Could you give the entries back exactly as they stand, minus any pictures?

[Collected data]
+ + + + +
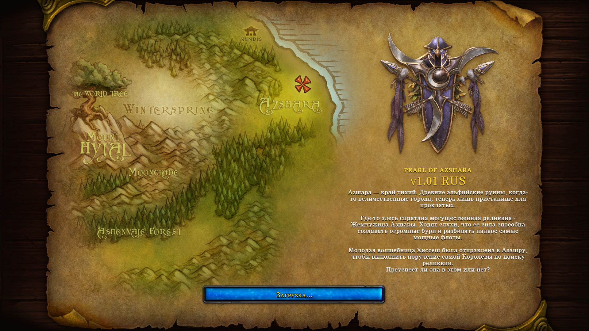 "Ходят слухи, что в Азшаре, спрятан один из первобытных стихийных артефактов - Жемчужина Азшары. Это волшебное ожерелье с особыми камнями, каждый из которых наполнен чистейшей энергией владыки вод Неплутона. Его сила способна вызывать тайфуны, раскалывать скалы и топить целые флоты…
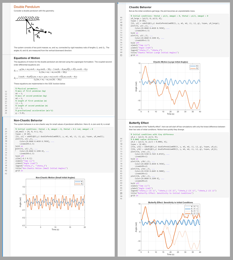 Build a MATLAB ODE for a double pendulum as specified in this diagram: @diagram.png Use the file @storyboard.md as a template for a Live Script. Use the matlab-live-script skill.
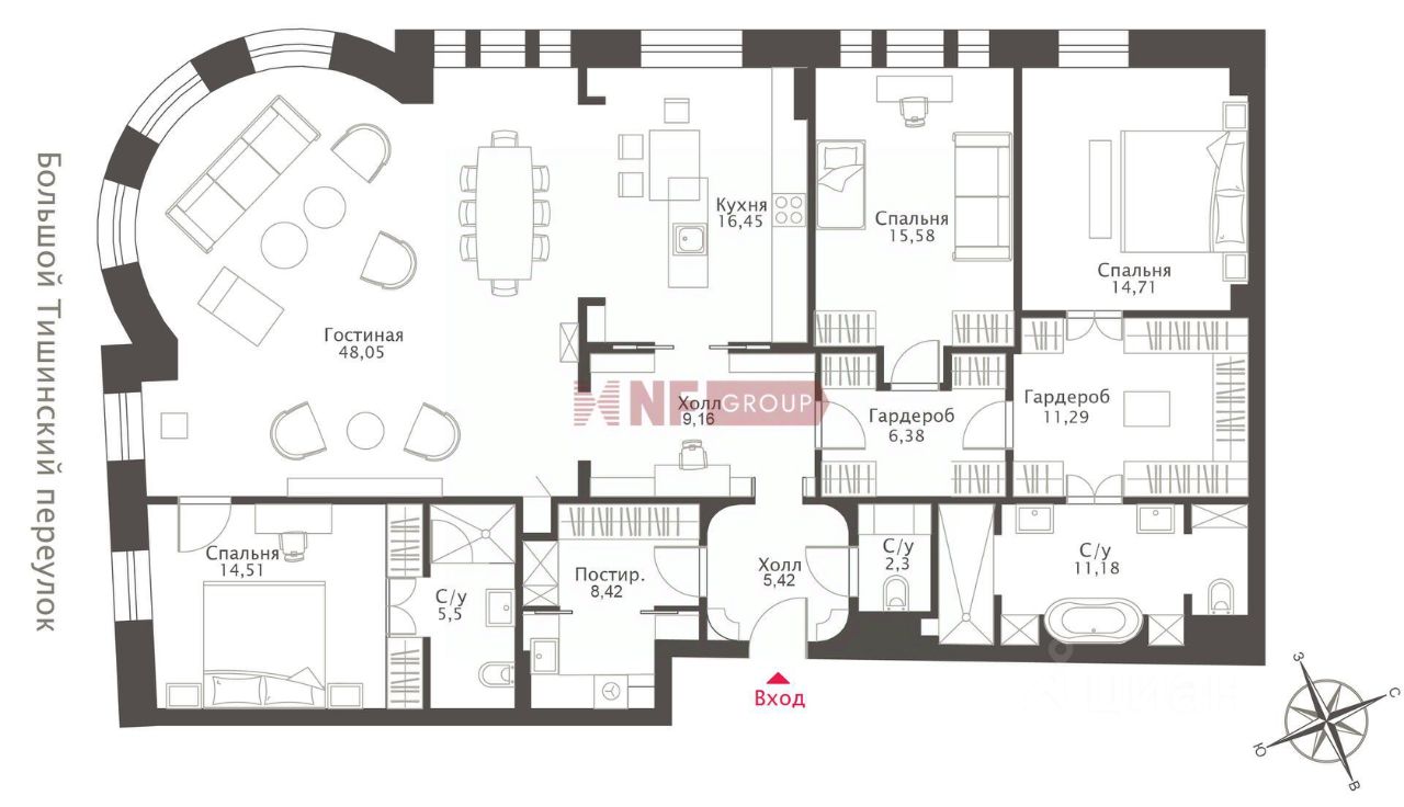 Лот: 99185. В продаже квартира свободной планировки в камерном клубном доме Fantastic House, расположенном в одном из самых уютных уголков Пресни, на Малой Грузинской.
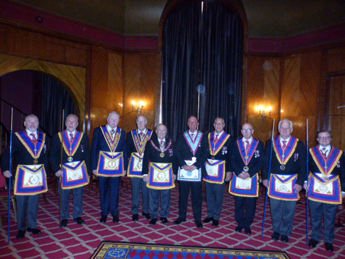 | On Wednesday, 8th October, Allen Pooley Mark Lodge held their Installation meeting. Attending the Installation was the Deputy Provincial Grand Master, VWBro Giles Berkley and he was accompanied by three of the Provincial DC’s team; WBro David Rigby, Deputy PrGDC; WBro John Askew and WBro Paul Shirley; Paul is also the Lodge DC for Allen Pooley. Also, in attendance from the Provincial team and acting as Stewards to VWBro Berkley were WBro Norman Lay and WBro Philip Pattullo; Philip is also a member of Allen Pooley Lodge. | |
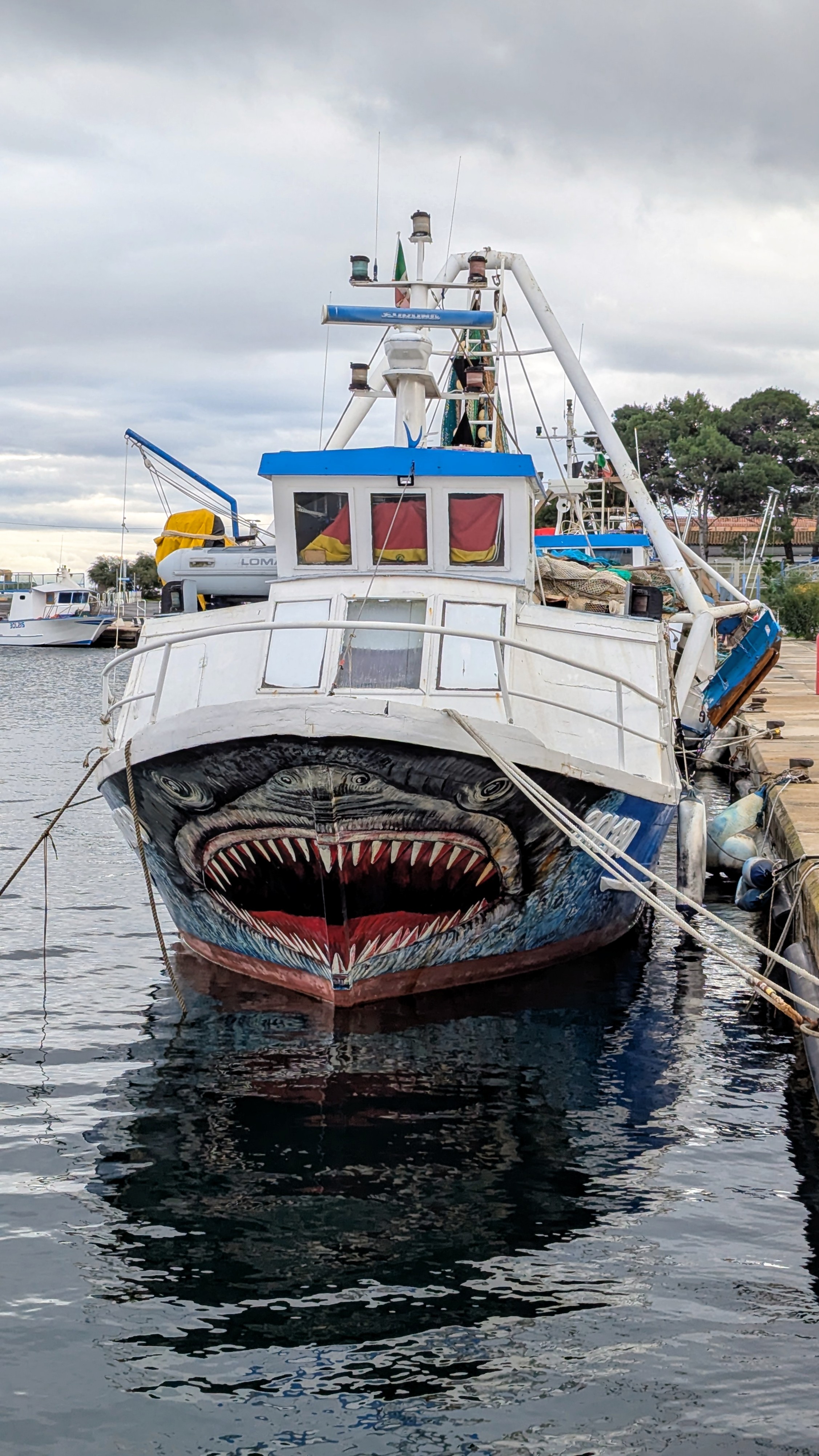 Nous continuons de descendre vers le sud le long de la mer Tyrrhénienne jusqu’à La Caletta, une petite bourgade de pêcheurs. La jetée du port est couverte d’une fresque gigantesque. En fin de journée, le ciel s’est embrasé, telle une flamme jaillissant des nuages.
+ + + + +
• [COMPLETED EXERCISE]
 "Ходят слухи, что в Азшаре, спрятан один из первобытных стихийных артефактов - Жемчужина Азшары. Это волшебное ожерелье с особыми камнями, каждый из которых наполнен чистейшей энергией владыки вод Неплутона. Его сила способна вызывать тайфуны, раскалывать скалы и топить целые флоты…
 Build a MATLAB ODE for a double pendulum as specified in this diagram: @diagram.png Use the file @storyboard.md as a template for a Live Script. Use the matlab-live-script skill.
 Лот: 99185. В продаже квартира свободной планировки в камерном клубном доме Fantastic House, расположенном в одном из самых уютных уголков Пресни, на Малой Грузинской.
 | On Wednesday, 8th October, Allen Pooley Mark Lodge held their Installation meeting. Attending the Installation was the Deputy Provincial Grand Master, VWBro Giles Berkley and he was accompanied by three of the Provincial DC’s team; WBro David Rigby, Deputy PrGDC; WBro John Askew and WBro Paul Shirley; Paul is also the Lodge DC for Allen Pooley. Also, in attendance from the Provincial team and acting as Stewards to VWBro Berkley were WBro Norman Lay and WBro Philip Pattullo; Philip is also a member of Allen Pooley Lodge. | |
 Nous continuons de descendre vers le sud le long de la mer Tyrrhénienne jusqu’à La Caletta, une petite bourgade de pêcheurs. La jetée du port est couverte d’une fresque gigantesque. En fin de journée, le ciel s’est embrasé, telle une flamme jaillissant des nuages.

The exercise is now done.